What you should do
Return the material below exactly, but only from the line with "Schirmteam: Astrid Fünderich, Hauptdarstellerin, und" through the line with "GARY LITTLE Anything", and without its pictures.

[Opening Supplied material section]

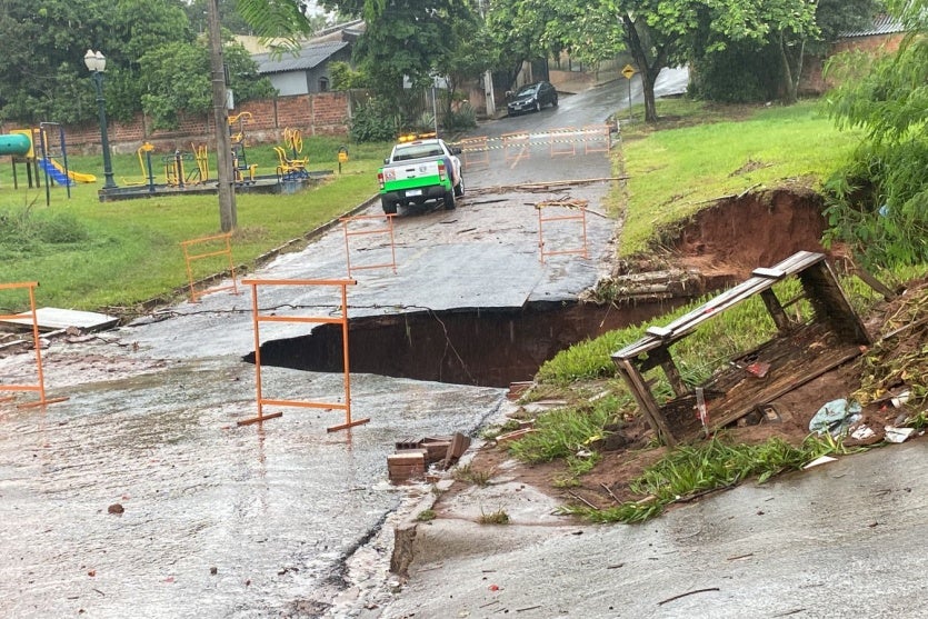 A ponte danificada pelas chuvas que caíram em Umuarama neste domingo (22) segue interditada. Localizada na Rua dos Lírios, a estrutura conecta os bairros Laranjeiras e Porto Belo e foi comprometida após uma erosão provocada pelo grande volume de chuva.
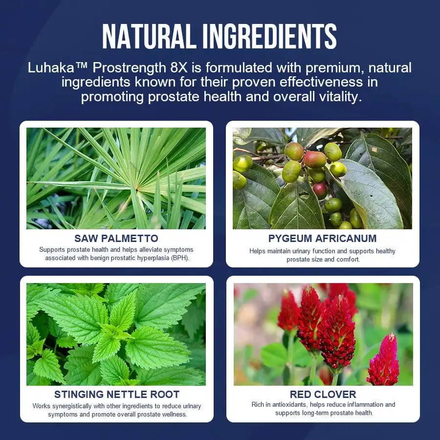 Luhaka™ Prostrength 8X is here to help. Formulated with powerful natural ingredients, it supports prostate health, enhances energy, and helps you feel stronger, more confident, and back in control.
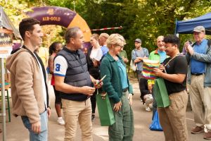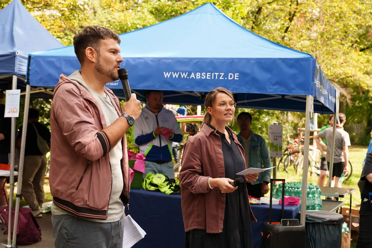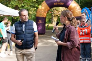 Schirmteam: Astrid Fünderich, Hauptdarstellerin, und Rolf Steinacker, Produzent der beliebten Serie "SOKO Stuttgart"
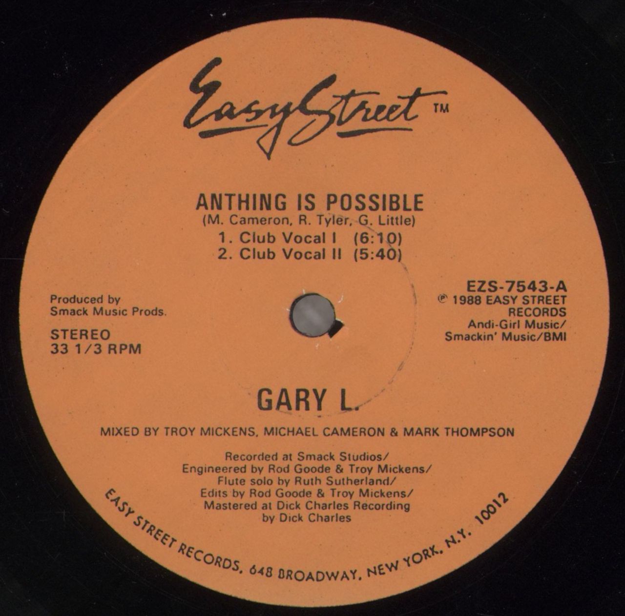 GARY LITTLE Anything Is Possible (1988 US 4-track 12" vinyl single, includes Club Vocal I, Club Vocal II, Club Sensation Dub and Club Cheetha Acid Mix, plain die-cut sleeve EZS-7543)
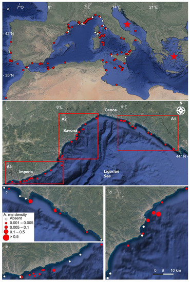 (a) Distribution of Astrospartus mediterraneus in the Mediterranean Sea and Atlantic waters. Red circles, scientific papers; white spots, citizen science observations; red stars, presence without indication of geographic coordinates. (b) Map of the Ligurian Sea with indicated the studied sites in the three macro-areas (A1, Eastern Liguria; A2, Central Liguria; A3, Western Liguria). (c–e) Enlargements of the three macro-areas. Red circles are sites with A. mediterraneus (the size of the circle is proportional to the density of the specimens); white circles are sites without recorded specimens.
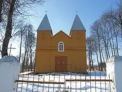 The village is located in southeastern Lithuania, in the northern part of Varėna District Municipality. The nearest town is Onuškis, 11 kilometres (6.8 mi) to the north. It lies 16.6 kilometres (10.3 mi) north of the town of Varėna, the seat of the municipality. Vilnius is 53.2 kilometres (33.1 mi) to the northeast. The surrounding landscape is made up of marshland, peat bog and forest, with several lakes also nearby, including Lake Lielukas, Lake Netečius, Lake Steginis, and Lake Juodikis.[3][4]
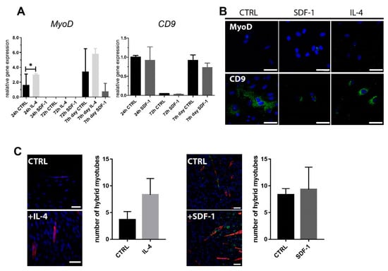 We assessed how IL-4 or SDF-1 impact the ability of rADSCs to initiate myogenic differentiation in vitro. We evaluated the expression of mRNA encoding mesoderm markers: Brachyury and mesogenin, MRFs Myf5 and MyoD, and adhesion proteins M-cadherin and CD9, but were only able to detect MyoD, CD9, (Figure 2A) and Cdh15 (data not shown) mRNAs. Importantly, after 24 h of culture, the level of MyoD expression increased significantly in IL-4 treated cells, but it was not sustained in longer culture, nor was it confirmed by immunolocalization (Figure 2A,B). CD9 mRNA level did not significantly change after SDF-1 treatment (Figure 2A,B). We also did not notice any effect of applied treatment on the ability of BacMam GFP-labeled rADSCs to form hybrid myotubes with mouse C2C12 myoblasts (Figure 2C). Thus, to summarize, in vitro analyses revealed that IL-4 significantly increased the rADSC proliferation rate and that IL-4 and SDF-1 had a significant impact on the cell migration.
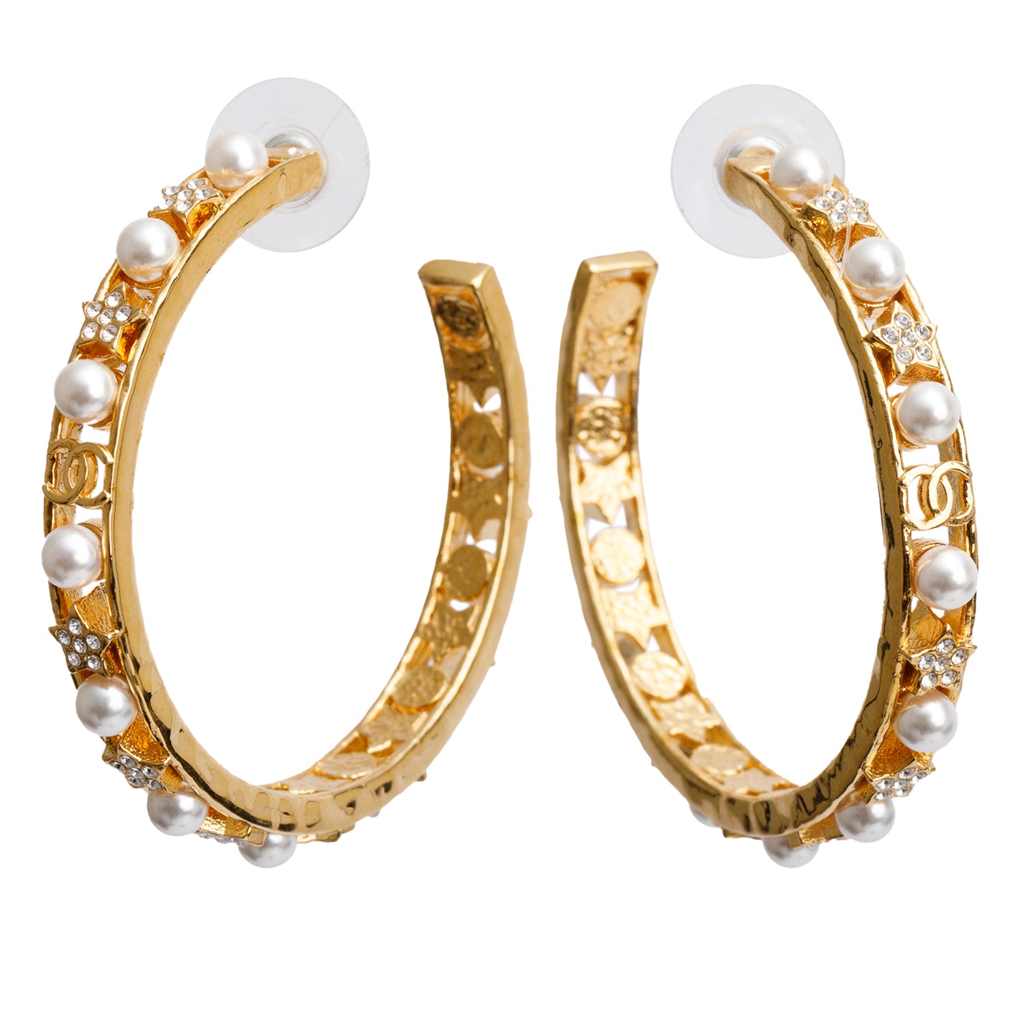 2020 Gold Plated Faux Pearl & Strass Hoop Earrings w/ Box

[Closing Supplied material section]

Exercise response
 Schirmteam: Astrid Fünderich, Hauptdarstellerin, und Rolf Steinacker, Produzent der beliebten Serie "SOKO Stuttgart"
 GARY LITTLE Anything Is Possible (1988 US 4-track 12" vinyl single, includes Club Vocal I, Club Vocal II, Club Sensation Dub and Club Cheetha Acid Mix, plain die-cut sleeve EZS-7543)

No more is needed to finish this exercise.